When Lily came out of the bank she suddenly made up her mind that she would drive to the Convalescent Home, and arrange about work there. Something told her that it would be easier to persuade Aunt Cosy to let her do as she wished if the matter were settled.

The place was a good deal further from La Solitude than the chaplain had given her to understand. In fact, it was in France, quite a couple of miles from Monte Carlo proper.

But Lily found that she was eagerly expected by the good-natured, jolly-looking matron. It was arranged provisionally that she should go there three times a week, arriving about ten in the morning. “And we shall always be pleased to give you lunch,” the matron said, smiling into the girl’s pretty, happy face.

After they had left the Convalescent Home and were driving back towards Monaco, Cristina suddenly exclaimed in a pleading voice, “I wonder if Mademoiselle would mind taking me for a moment to the Convent of the White Sisters? It would not delay us more than ten minutes.”
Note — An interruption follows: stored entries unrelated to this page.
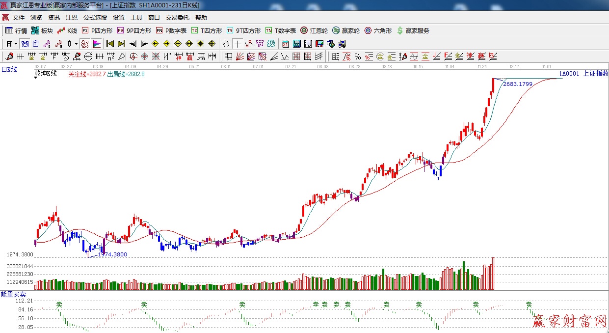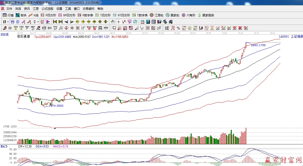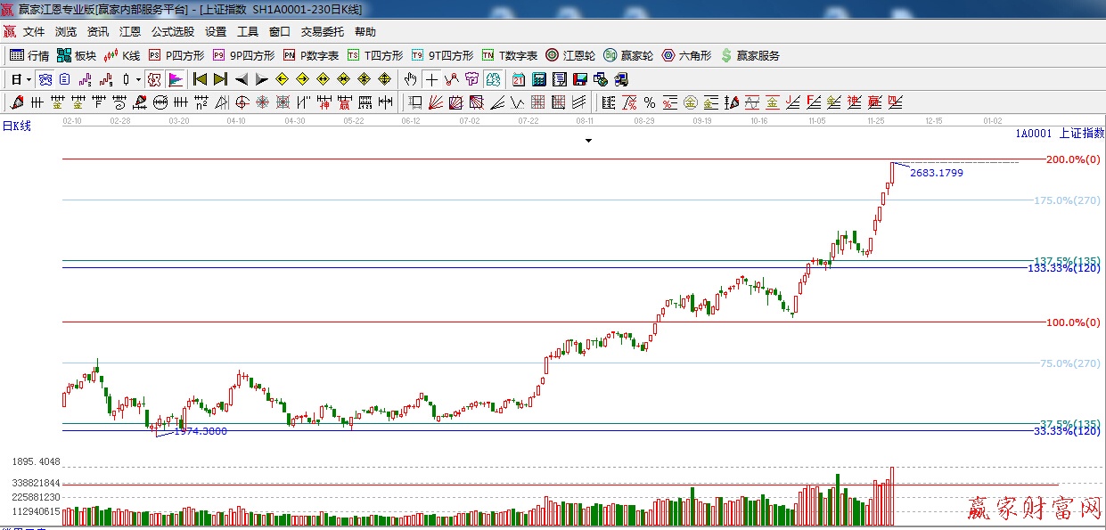 江恩看盤綜述:依據(jù)贏家江恩技術(shù)工具分析得出:銀行接力券商引領(lǐng)大盤強(qiáng)勢上攻,運(yùn)行至極反通道紅色外軌線,此時應(yīng)多加謹(jǐn)慎,隨時注意回調(diào)風(fēng)險,另外價格分析200%位置2690點(diǎn),是本周需要注意的點(diǎn)位,預(yù)計(jì)本周指數(shù)整體以高位震蕩為主。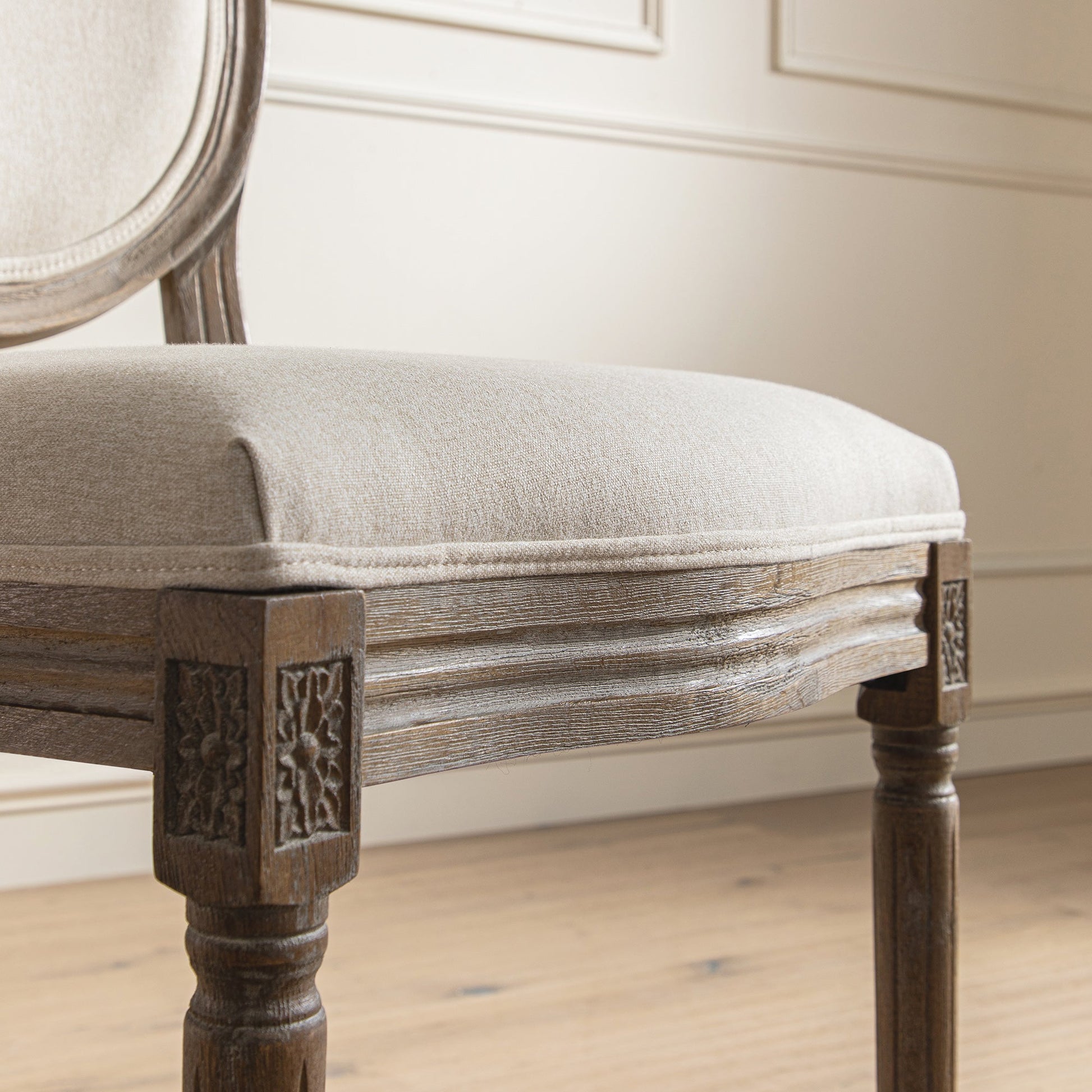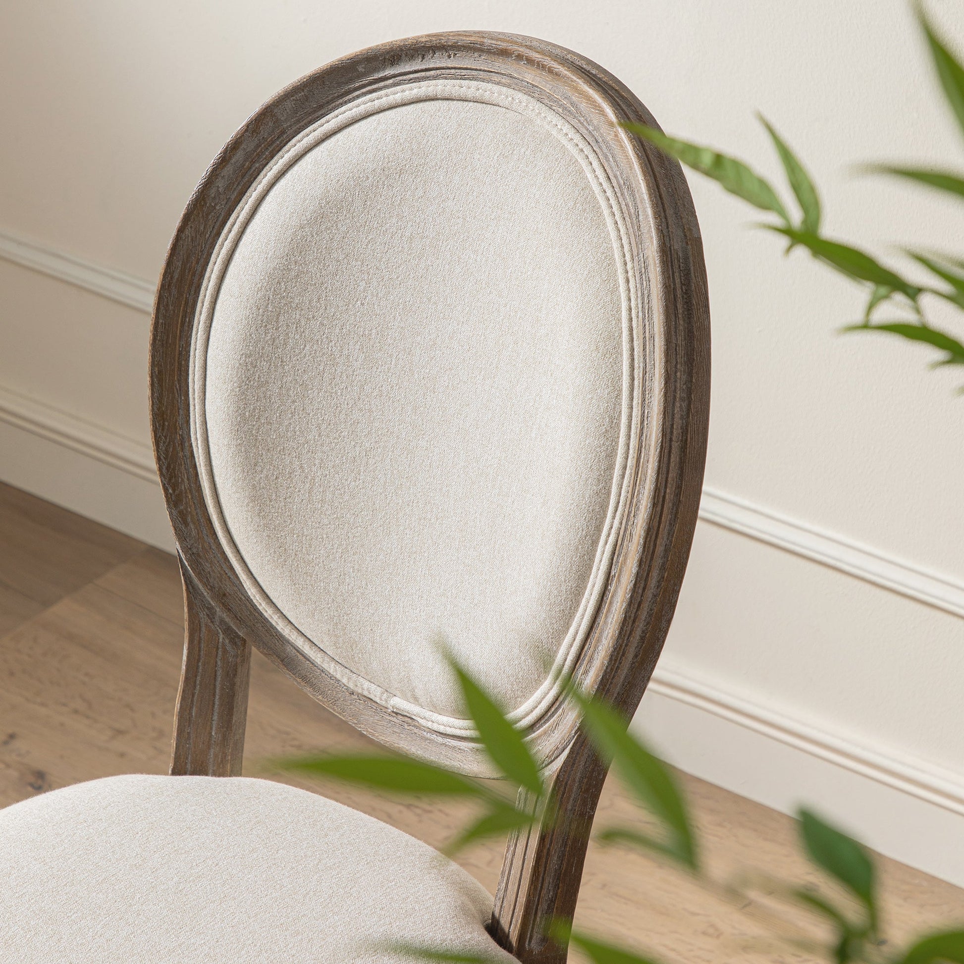 Lainston Set of 2 Classic Weathered Oak Dining Chairs, Oatmeal Brushed Fabric
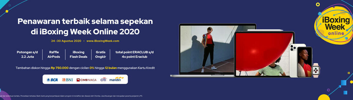 Sebagai bagian dari rangkaian acara EraVersary 2020, Erajaya Group untuk pertama kalinya menggelar acara iBoxing Week Online melalui platform iBox.co.id. Ajang iBoxing Week ke-15 ini akan berlangsung dari tanggal 24 – 30 Agustus 2020, dan akan hadir dengan promo dan kegiatan yang berbeda setiap harinya.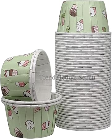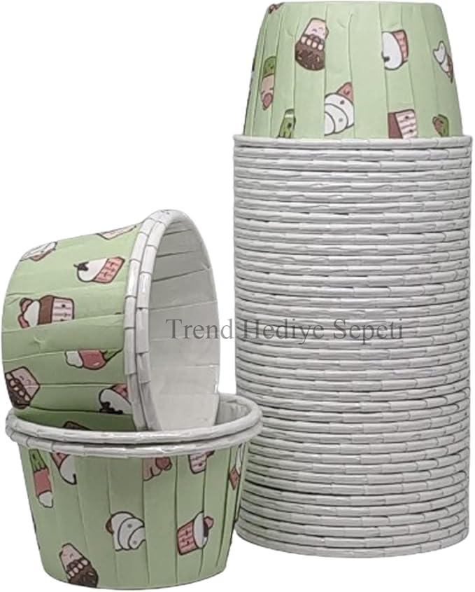 Dondurma Desenli Kek Baskılı Mint Yeşili Muffin Kalıbı Cupcake Kalıbı Kek Kapsülü 50’li.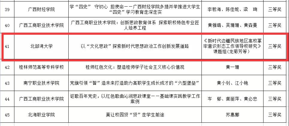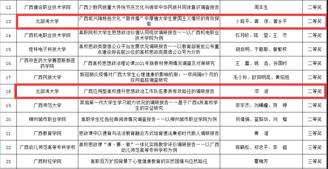 11月12日,自治区教育厅公布2021年全区高校思想政治工作优秀调研报告和工作案例获奖名单,我校教师卜路平主持撰写的《广西坭兴陶特色文化“微传播”中厚植大学生爱国主义情怀的有效探索》、邓波主持撰写的《广西应用型高校提升思想政治工作队伍素质有效路径的调研报告》分别荣获2021年全区高校思想政治工作优秀调研报告二等奖,龙菊芳等主持撰写的《以“文化思政”探索新时代思想政治工作创新发展道路》荣获2021年全区高校思想政治工作优秀工作案例三等奖。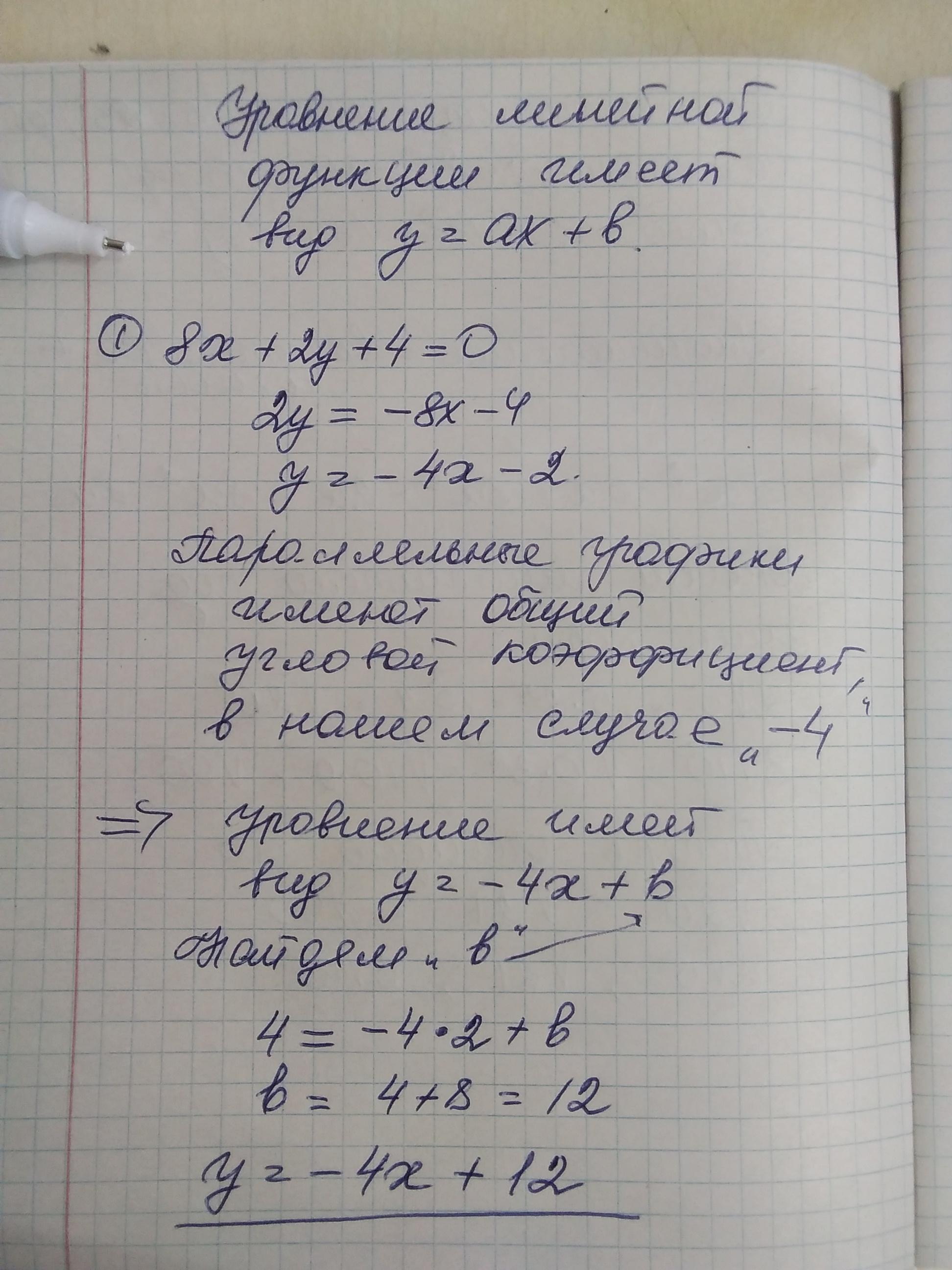 Вырази линейную функцию, график которой параллелен графику линейной функции 8x+2y+4=0 и проходит через точку M(2;4), через формулу.

Lily assented, pleased that she could do something to give the old woman pleasure.

In her eagerness, Cristina got up in the open carriage and touched their driver. He looked round, without slackening their breakneck pace.

“The Convent of the White Sisters,” she exclaimed, and the man nodded, and whipped his horses up to go yet faster than they were going.

Up the steep road leading into old Monaco the little carriage rocked and swayed. They swept past the lovely garden of which Lily now had a poignant memory, and then they started going down more slowly a very narrow, quiet street of high stone houses, and finally they drew up opposite a huge closed iron gate.

“Here we are!” exclaimed Cristina in an eager voice—a voice quite unlike her own. “My mother died when I was only five years old,” she whispered, “and I was here a great deal, both as a child and as a young girl. Indeed, this convent was my real home.”